Other than those disaster filled powerplays, I thought that it was a decent enough game by the home team. Carolina dominated play for long periods at a time. They outshot the Fishsticks 47-31, they drew more penalties, and they had more scoring chances. But questionable play at the blueline along with inconsistent goaltending killed them.

I'm not going to do a play-by-play of this game. I'll just review some good things and bad things as I remember them.

Some Highlights....

The first Hurricanes goal was on a perfect deflection by Eric Staal. The dude came to play again last night.

After falling behind 4-1, Carolina refused to quit and kept coming back until it was 4-3 and had several chances to tie the game after that. But they could never crack Wade Dubielewicz when they really needed to. The NY back-up had a fine game.

During the final Carolina goal scored by Matt Cullen, Andrew Ladd cleared the crease by literally leveling a NY defenseman. The hit was a thing of beauty. Once again Andrew helped to score a goal by creating havoc in front of the net, but earns no points for his efforts.

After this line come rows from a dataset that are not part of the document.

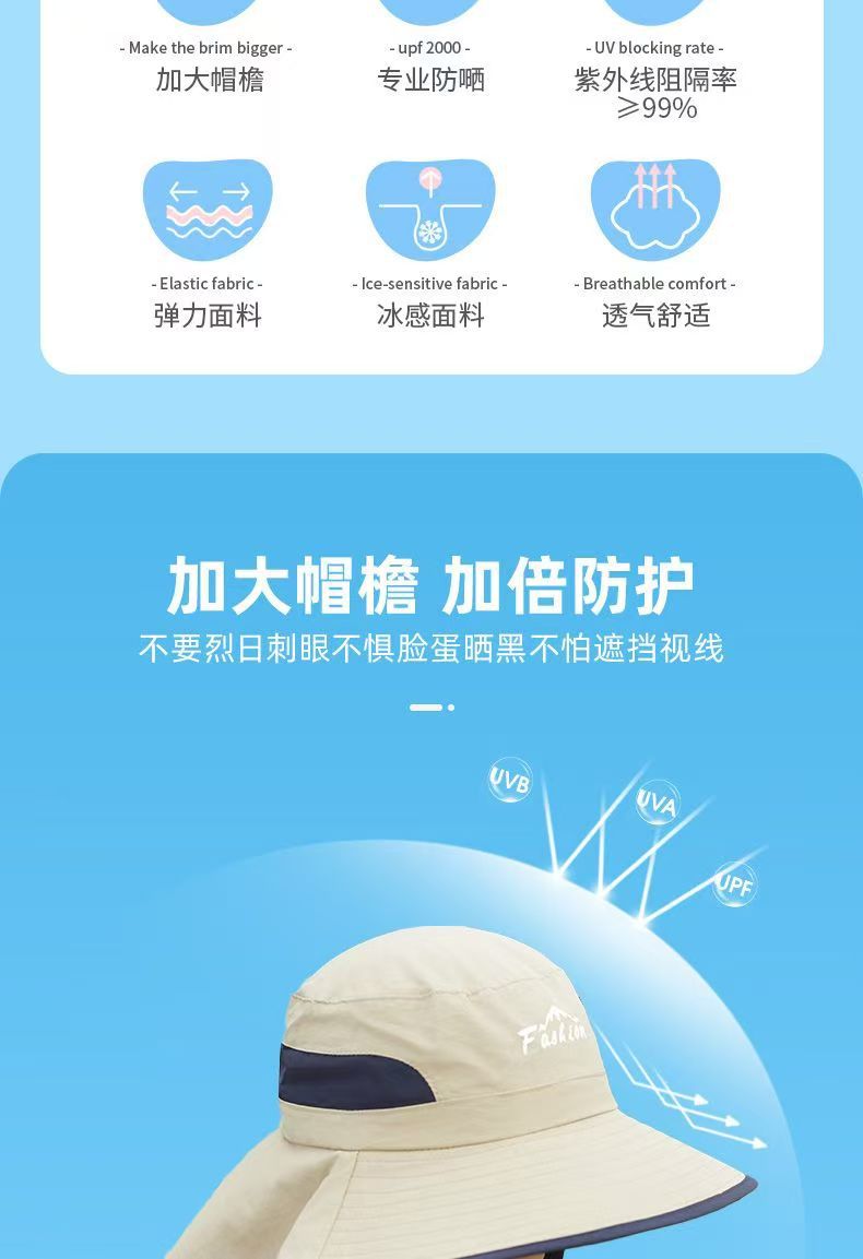 어린이 선 스크린 모자 남자의 등산 큰 처마 어부 모자 여름 자외선 야외 목 보호 태양 모자 목도리 태양 모자
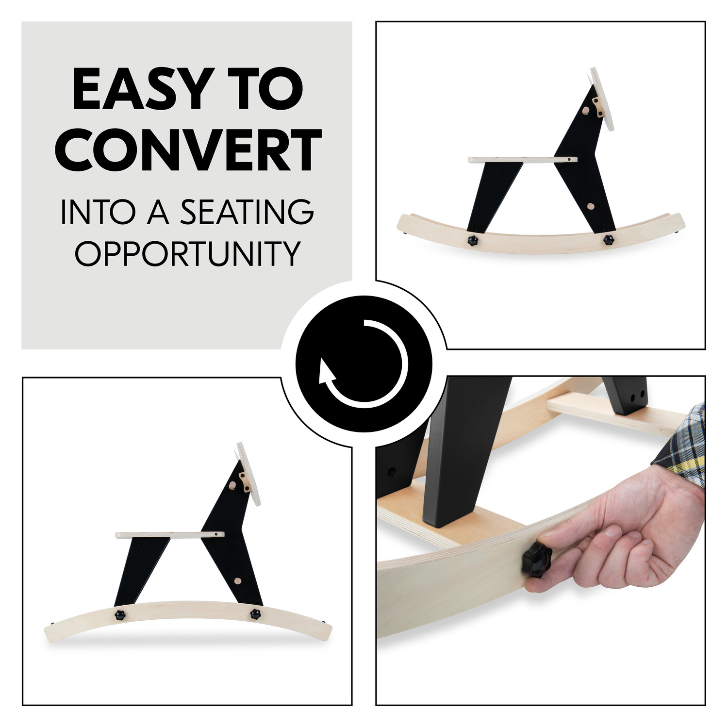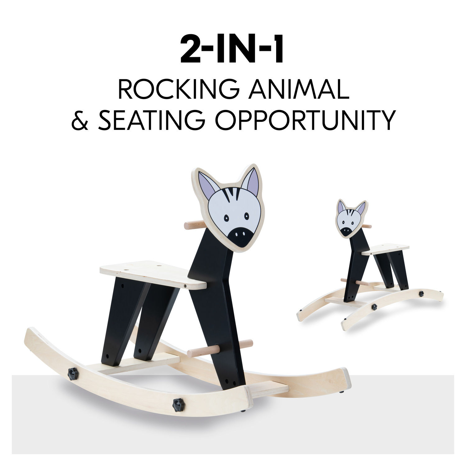 SNADNÁ PŘEMĚNA NA SEDÁTKO // Houpadlo lze snadno a rychle odejmout, otočit a bezpečně přišroubovat zpět na místo, čímž se houpací zvířátko promění ve skvělé místečko k sezení pro vaše dítě.
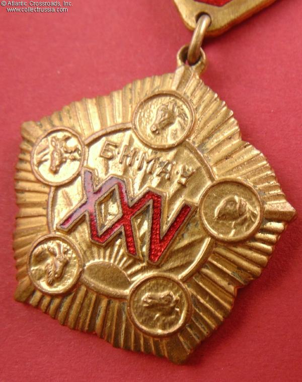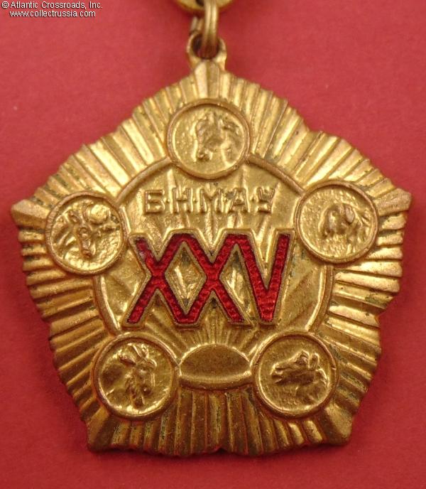 In gilded brass and enamels, heavy construction. Medallion measures 41.6 mm in height incl. eyelet, 39.8 mm in width. Stamped serial number to the reverse. Variation 2 featuring relatively thin numerals "XXV", although the reverse is as concave as the first version. Excellent quality, similar to that of Mongolian Victory over Japan Medal.
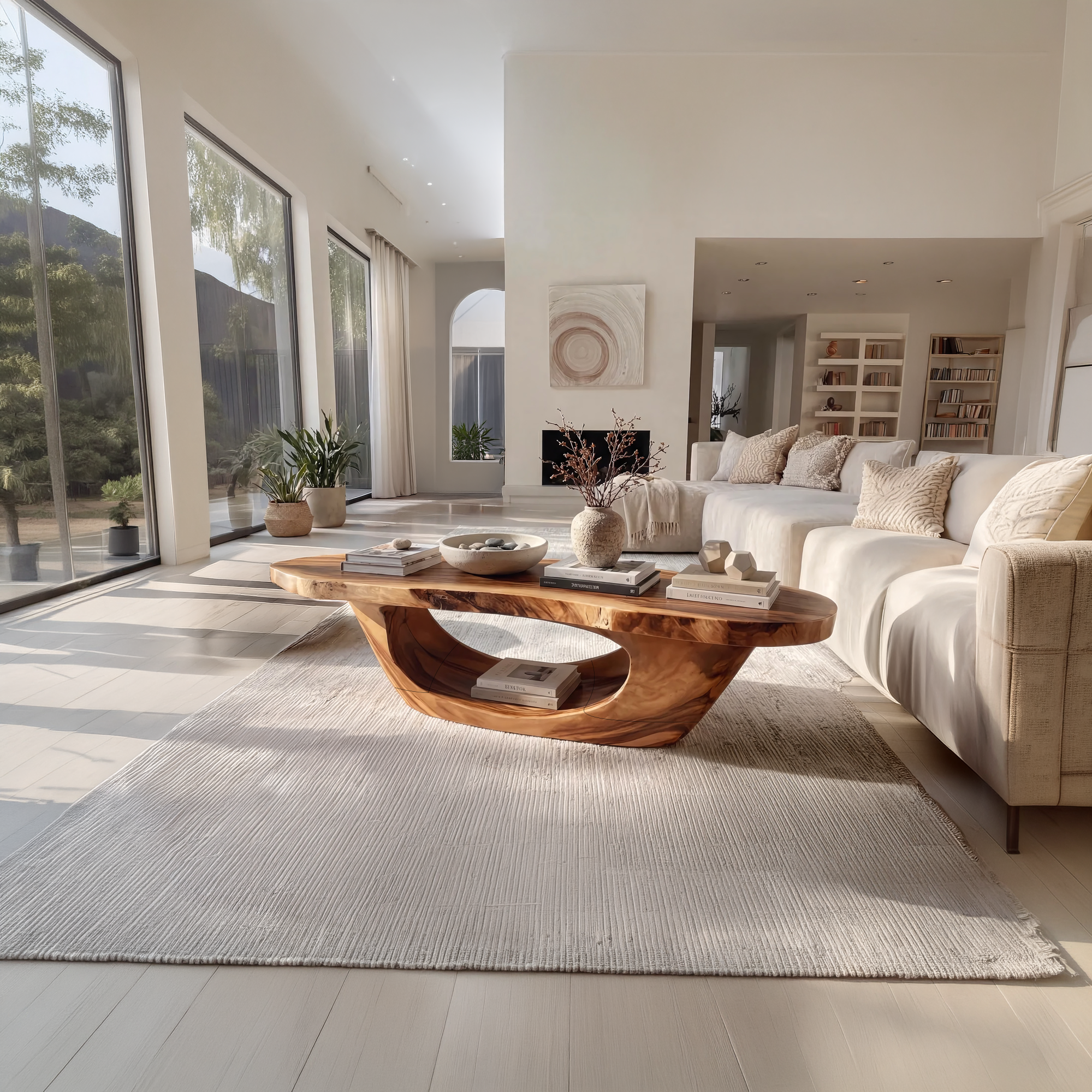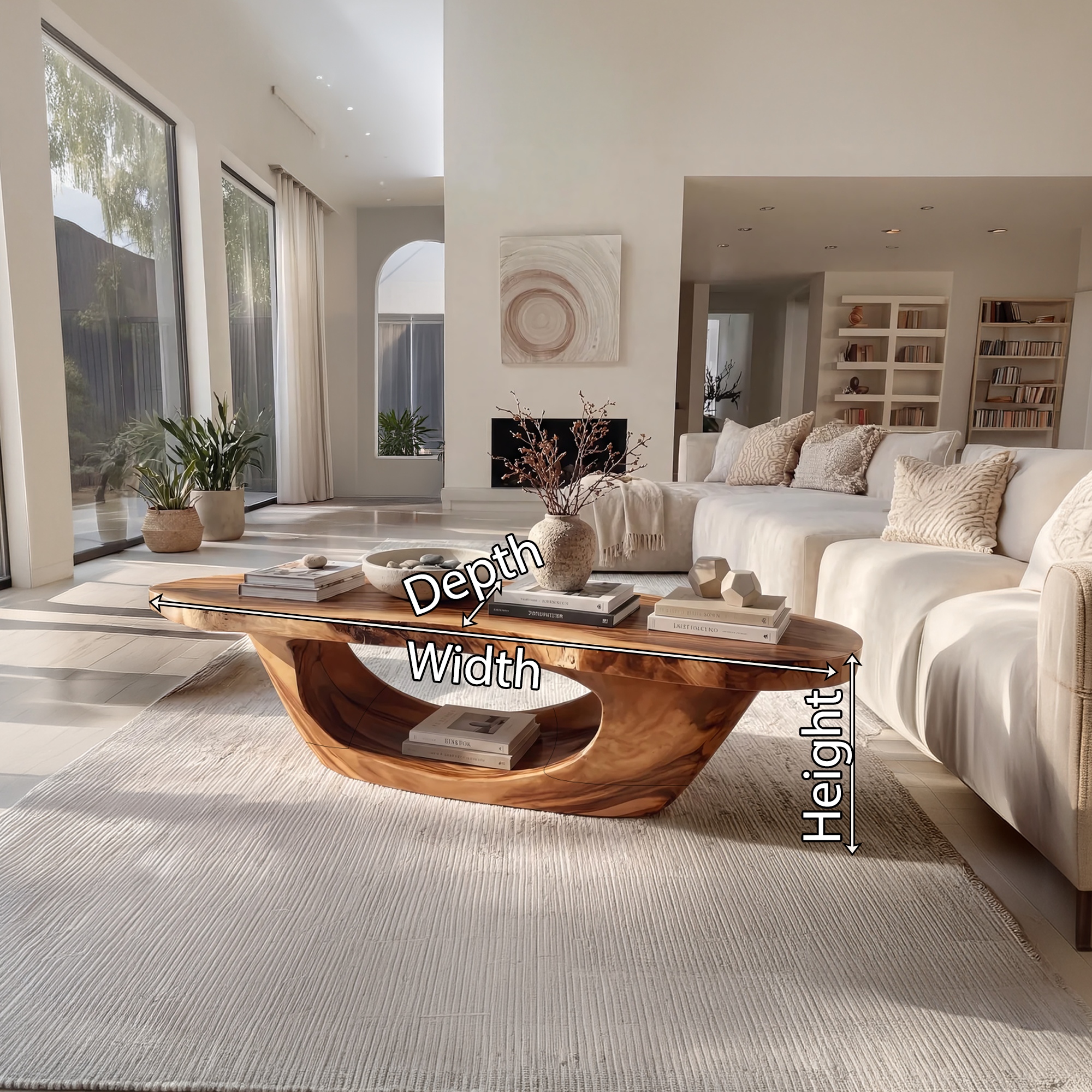 The Sculptural Oval Coffee Table with Open Curve Base introduces a fluid and architectural presence into the living space. Its elongated oval top is complemented by a continuous, curved base that forms a smooth open silhouette, creating a sense of movement and lightness. Designed to balance artistic form with everyday usability, this table serves as both a functional surface and a refined focal point.

For the most part the forwards were buzzing, creating scoring chance after scoring chance. Brind'Amour and Samsonov came close several times, as did the 3rd line of Cullen, Walker, and Ladd.

Lowlights....

There is simply no excuse for allowing three shorties. Two were on the same powerplay. In essence, that gave NY the game regardless how well they played otherwise.

On the first shortie, 3 or 4 Canes were behind their own net scrambling for the puck. Mike Sillinger was all alone in front of the net. Of course the puck came out to him and Cam Ward had no chance on that shot.

On the next shortie, it seemed like Frank Kaberle was skating in slow motion after the puck got by him at the point and he turned to go get it. Richard Park skated by him like he was standing still and buried the open opportunity. It looked like a lazy play from my angle. Kaberle must have more urgency to retrieve that puck.

Shortly after that, Sillinger got yet another shortie when Mike Commodore coughed up the puck at the blueline. I thought Ward had a good chance to stop this one because Sillinger was coming at an angle instead of straight on. The goalie had a bad night though. I'm surprised that he wasn't replaced when it was 4-1.

Ward had 25 saves out of 30 shots. In my opinion, a couple of those goals were pretty soft. He also had trouble handling the puck again and somehow lost it directly in front of the net for the 2nd game in a row. But once again he was lucky and no Islander was close enough to take advantage of the wide open opportunity. Calling Greg Stefan..where are you???

There still is an obvious need for a puck-moving defenseman. I recall one specific play where a single New York forward was pressuring the puck during a line change for the Islanders. The Canes defensemen were Hedican and Gleason. Both were fumbling the puck as they passed it to each other and could not get it out of the zone, even with just one forward pressuring them. A Hurricanes forward had to skate all the way back to the goal line to gather the puck and pass it out. That's just one example, but I don't think that type of play is very unusual.

"Slow" Joe Vasicek even beat the Hurricanes power play unit down the ice one time and had a chance at yet another short-handed goal. Ward was able to stop that particular shot though.

The Hurricanes are off for a week now, except for Eric Staal who will travel to Atlanta for the All Star celebration this weekend. For the moment Carolina remains in first place in the division, but as other teams have several games in hand that position is in doubt. We will see how long the lead holds up. Happy Hump Day!